Summary: SCSI CD drives not attached on boot on isp driver
Product: Base System Reporter: wilko <wilko>
Component: alphaAssignee: Matt Jacob <mjacob>
Status: Closed FIXED    
Severity: Affects Only Me    
Priority: Normal    
Version: Unspecified   
Hardware: Any   
OS: Any   
Attachments:
Description Flags
scsi_cd.c.scsi_status.20001109 none

Description wilko freebsd_committer freebsd_triage 2000-11-06 22:30:00 UTC
	Typical error is:

da1: 4357MB (8925000 512 byte sectors: 255H 63S/T 555C)
(cd0:isp0:0:6:0): got CAM status 0x50
(cd0:isp0:0:6:0): fatal error, failed to attach to device   
(cd0:isp0:0:6:0): lost device 
(cd0:isp0:0:6:0): removing device entry

Same hardware but using sym driven ncr810 works OK.

Please refer to mail thread with:

Subject: SCSI cdrom attach problems on 4-stable
Message-ID: <20001104200119.A13502@freebie.demon.nl>

posted on -alpha at Nov 4, 2000 

This contains multiple log / experiments.

Fix: 

Use other adapter than isp-drive one. Alternatively keeping a CD in the
drive appears to help.
How-To-Repeat: 
See above
Comment 1 Matt Jacob freebsd_committer freebsd_triage 2000-11-06 22:35:41 UTC
Responsible Changed
From-To: freebsd-alpha->mjacob

mine. 
.
Comment 2 wkb 2000-11-09 22:46:06 UTC
On Thu, Nov 09, 2000 at 03:37:17PM -0800, Matthew Jacob wrote:
> 
> 
> Wilko - does your machine that has this problem say:
> 
> isp0: invalid NVRAM header

Don't remember having seen this (ever). But will check tomorrow (heading to
bed now <snore>

W/

-- 
Wilko Bulte  	 					Arnhem, the Netherlands
wilko@freebsd.org  	http://www.freebsd.org 		http://www.nlfug.nl
Comment 3 ken 2000-11-09 22:49:11 UTC
On Thu, Nov 09, 2000 at 14:34:19 -0800, Matthew Jacob wrote:
> 
> I updated the PR (22650) with edit-pr, but it doesn't seem to then email
> submitter/responsible person. The short answer is "f/w breakage(?), don't know
> how to fix yet".
> 
> mjacob Wed Nov  8 17:08:53 PST 2000
> 
> Okay- here's what is happening- the Qlogic f/w is returning an AUTOSENSE
> failure- that is, it's unable to automatically run a request sense
> (reason unknown). So, the CAM status being returned is 
> 
>         CAM_AUTOSENSE_FAIL 
>         CAM_DEV_QFRZN
> 
> It's been apparent to me for some time that cam_periph_error should be
> then running an INQUIRY command in this case.

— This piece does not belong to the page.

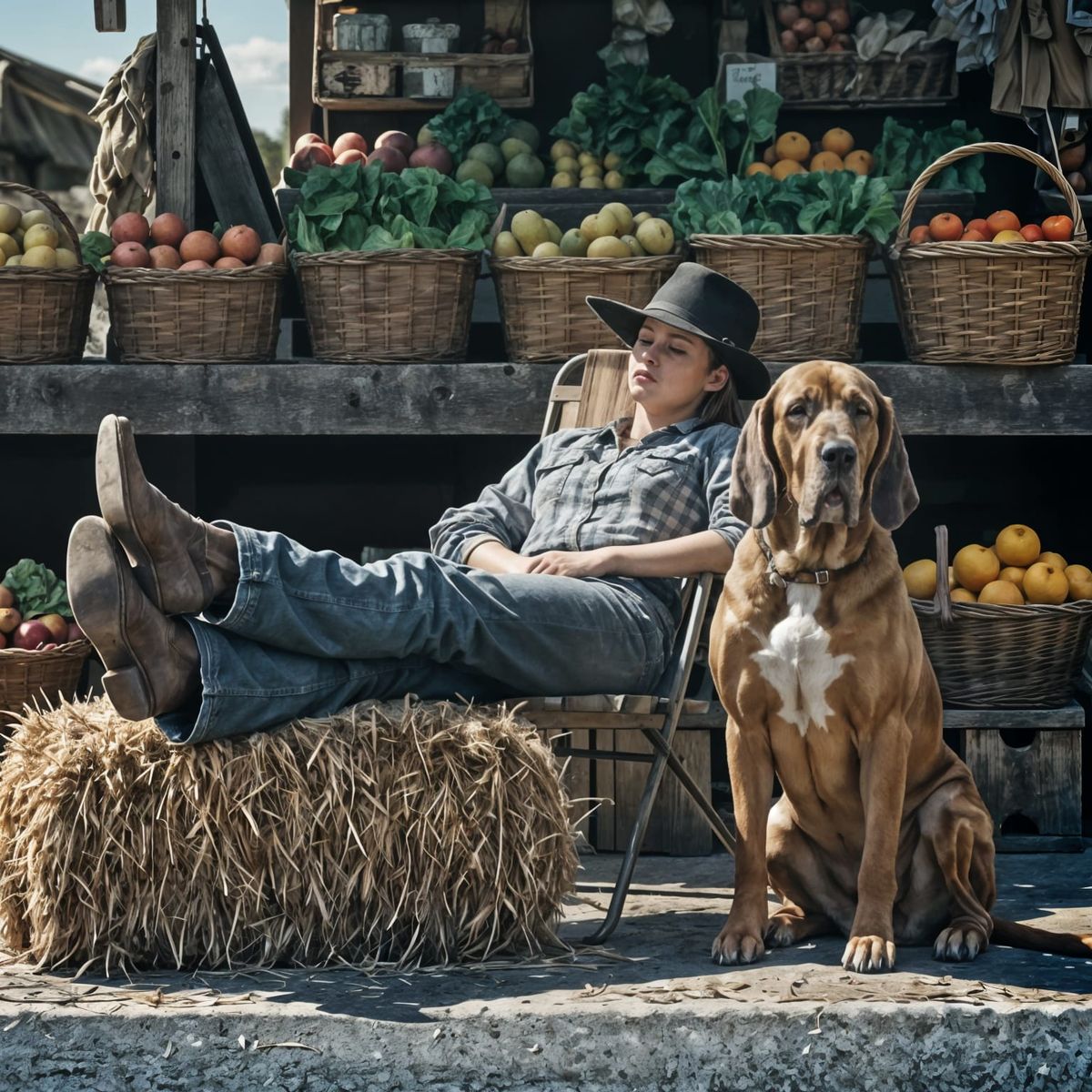 A hyper-realistic image of a cowgirl resting on a chair at a farmstand, with a bloodhound beside her. Features moody lighting and cinematic detail.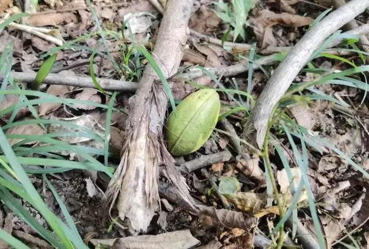 这颗绿色的果实,就是我们过年时常吃的美国山核桃。这果子是植物园分类区内灰胡桃(原产美国)的果实。

Why an inquiry, if autosense failed?  Don't you mean a request sense?

> What's particularly obnoxious here is that the CD in question doesn't
> actually completely detach- that is, it's pass instance stays, but
> the cd instance won't attach- and this, for some reason, makes it
> impossible to rescan it later.

The reason the device isn't gone is because the pass(4) driver actually
attached successfully.  The problem is that when there is no CD in the
drive, any CDROM drive will return an error in response to a READ CAPACITY
command.

Since autosense is failing, the cd(4) driver can't tell what sort of error
is getting returned (and therefore whether the drive is really accessible),
so it won't attach.

The pass(4) driver doesn't issue any commands to check the device (it
doesn't have any requirements for device functionality beyond the basic
probe code), so it attaches without problems.

Both drivers are doing the right thing from what I can see.

> I don't know why the Qlogic f/w is returning this code, but the fundamental
> problem here is that CAM is broken. And, no, it's not up to each SIM to
> run INQUIRY commands themselves if AUTOSENSE fails.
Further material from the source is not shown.